The wave of mass-mailing phishing attempts appears to be subsiding but that doesn’t mean business and IT managers can allow themselves to be lulled into a sense of security. Attackers are focusing their efforts on well-focused “spear-phishing” campaigns using cleverly crafted messages that bypass traditional email security measures. It is estimated that perpetrators have so far tricked unsuspecting businesses out of $5bn.
This Temperature Check of 330 IT professionals reveals that attackers are regularly impersonating senior managers and targeting specific business departments. So, what’s to be done?
Let’s start by sizing up the problem and looking at how organisations are responding to this threat.
Impersonators, imposters, and thieves sneak past email security checkpoints
Love it or loathe it, there’s no escaping email. Your organisation may be using enterprise social networks and chat-based platforms to reduce the volume of emails, and some companies are even starting to shift their customer communications to apps and chatbots, but none of these has the same reach and range as email. If you have customers, partners, investors or suppliers, you still need to use it.
Email protocols, standards and architectures have evolved over the decades to address privacy and security issues. An ecosystem of ancillary products and services has also grown up to address specific problems and business requirements.

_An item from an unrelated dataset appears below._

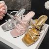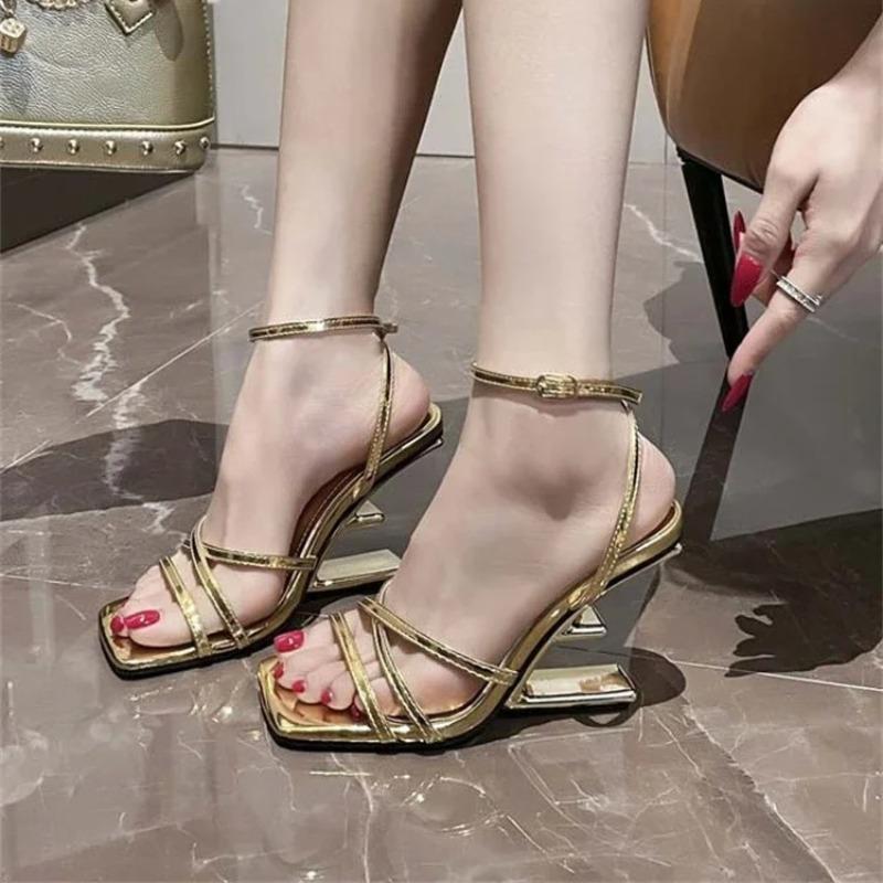 Модный новый дизайн женской обуви, узкий ремешок, высокие каблуки, роскошные модные женские сандалии, лето, квадратный носок, ремешок с пряжкой, банкетная женская обувь

If you work in IT and run email servers on-premises you’ll be aware of the many products and services that wrap around the corporate email system to provide in-bound and out-bound hygiene and security. And if you’ve outsourced your corporate email, as many organisations have, then your service provider is likely to use an even bigger mix of products and technologies to protect your inbox.
We will provide an insight into how widely these technologies are used a little later in this Inside Track, but first we need to assess the threat that phishing poses to your business.
The survey data (Figure 1) indicates the scale of the phishing problem, with about 40 per cent of respondents reporting an incidence of at least daily phishing attacks. Although larger companies are more at risk firms of all sizes can be targeted, and there’s only slight variation across industries. The survey results also show that well-protected and well-prepared organisations receive phishing reports from end users, so every business and institution is a potential target.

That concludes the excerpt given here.